The Linehaul Statistics Daemon.
Linehaul is a daemon that implements the syslog protocol, listening for specially formatted messages corresponding to download events of Python packages. For each event it receives it processes them, and then loads them into a BigQuery database.
$ python -m linehaul -h
Usage: linehaul [OPTIONS] COMMAND [ARGS]...
The Linehaul Statistics Daemon.
Linehaul is a daemon that implements the syslog protocol, listening for specially
formatted messages corresponding to download events of Python packages. For each
event it receives it processes them, and then loads them into a BigQuery database.
Options:
--log-level [spew|debug|info|warning|error|critical]
The verbosity of the console logger. [default:
info]
-h, --help Show this message and exit.
Commands:
migrate Synchronizes the BigQuery table schema.
server Runs the Linehaul server.
$ python -m linehaul server -h
Usage: linehaul server [OPTIONS] TABLE
Starts a server in the foreground that listens for incoming syslog events,
processes them, and then inserts them into the BigQuery table at TABLE.
TABLE is a BigQuery table identifier of the form ProjectId.DataSetId.TableId.
Options:
--credentials-file FILENAME A path to the credentials JSON for a GCP service
account.
--credentials-blob TEXT A base64 encoded JSON blob of credentials for a GCP
service account.
--bind ADDR The IP address to bind to. [default: 0.0.0.0]
--port PORT The port to bind to. [default: 512]
--token TEXT A token used to authenticate a remote syslog stream.
--max-line-size BYTES The maximum length in bytes of a single incoming
syslog event. [default: 16384]
--recv-size BYTES How many bytes to read per recv. [default: 8192]
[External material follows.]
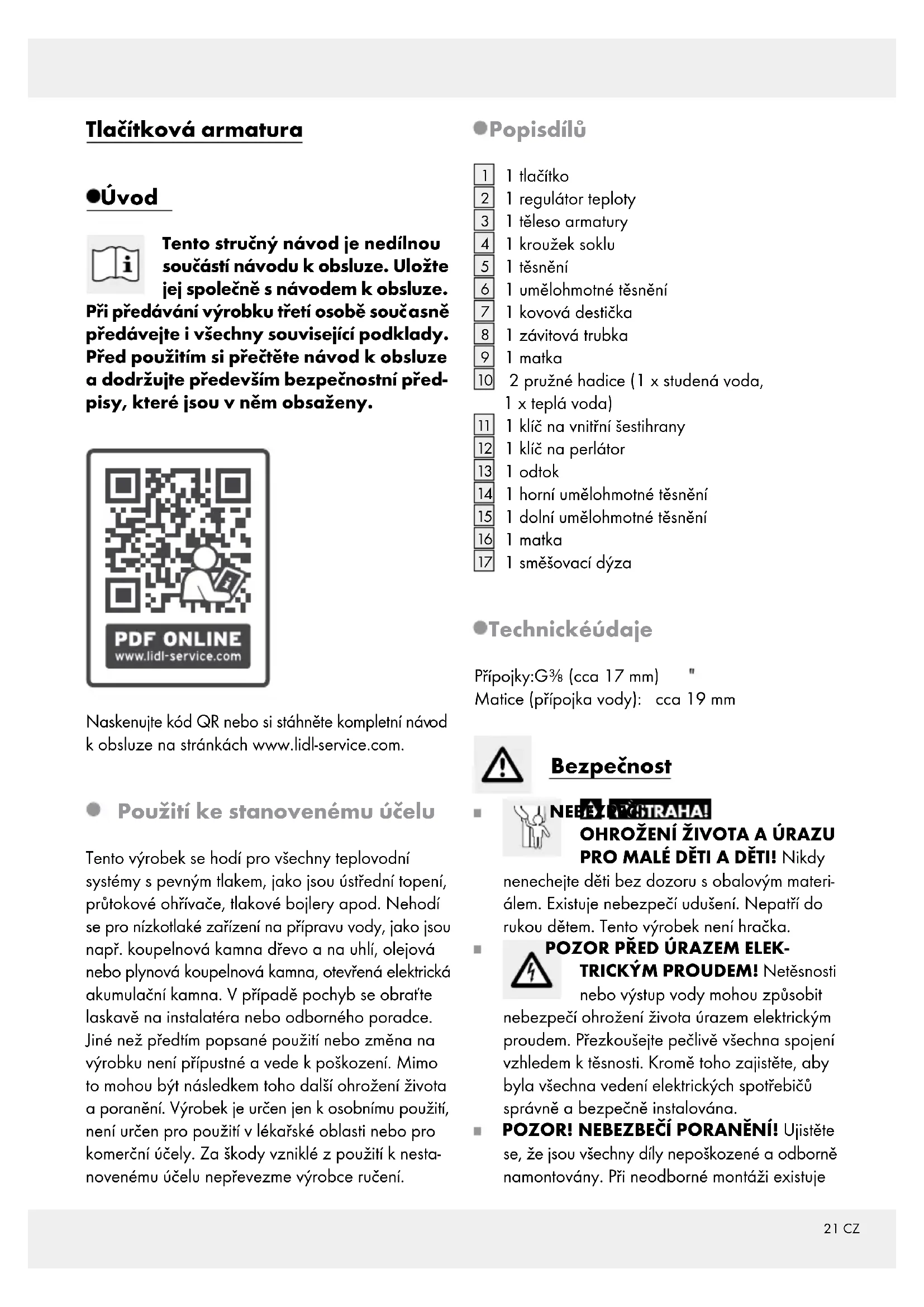 kobsluze na stránkách www.lidl-service.com. Použití ke stanovenému účelu Tento výrobek se hodí pro všechny teplovodní systémy spevným tlakem, jako jsou ústřední topení, průtokové ohřívače, tlakové bojlery apod. Nehodí se pro nízkotlaké zařízení na přípravu vody, jako jsou např. koupelnová kamna dřevo a na uhlí, olejová nebo plynová koupelnová kamna, otevřená elektrická akumulační kamna. Vpřípadě pochyb se obraťte laskavě na instalatéra nebo odborného poradce. Jiné než předtím popsané použití nebo změna na výrobku není přípustné a vede kpoškození. Mimo to mohou být následkem toho další ohrožení života a poranění. Výrobek je určen jen k osobnímu použití, není určen pro použití v lékařské oblasti nebo pro komerční účely. Za škody vzniklé z použití k nesta- novenému účelu nepřevezme výrobce ručení. Popis dílů

--cleanup-timeout SECONDS How long to wait for a connection to close
gracefully. [default: 30]
--queued-events INTEGER How many events to queue for processing before
applying backpressure. [default: 10000]
--batch-size INTEGER The number of events to send in each BigQuery API
call. [default: 500]
--batch-timeout SECONDS How long to wait before sending a smaller than
--batch-size batch of events to BigQuery. [default:
30]
--retry-max-attempts INTEGER The maximum number of times to retry sending a batch
to BigQuery. [default: 10]
--retry-max-wait SECONDS The maximum length of time to wait between retrying
sending a batch to BigQuery. [default: 60]
--retry-multiplier SECONDS The multiplier for exponential back off between
retrying sending a batch to BigQuery. [default: 0.5]
--api-timeout SECONDS How long to wait for a single API call to BigQuery to
complete. [default: 30]
--api-max-connections INTEGER Maximum number of concurrent connections to BigQuery.
[default: 30]
-h, --help Show this message and exit.
$ python -m linehaul migrate -h
Usage: linehaul migrate [OPTIONS] TABLE
Synchronizes the BigQuery table schema.
TABLE is a BigQuery table identifier of the form ProjectId.DataSetId.TableId.
Options:
--credentials-file FILENAME A path to the credentials JSON for a GCP service
account.
--credentials-blob TEXT A base64 encoded JSON blob of credentials for a GCP
service account.
-h, --help Show this message and exit.
If you run into bugs, you can file them in our issue tracker.
You can also join #pypa
or #pypa-dev
on Freenode to ask questions or
get involved.
Everyone interacting in the Linehaul project's codebases, issue trackers, chat rooms, and mailing lists is expected to follow the PSF Code of Conduct.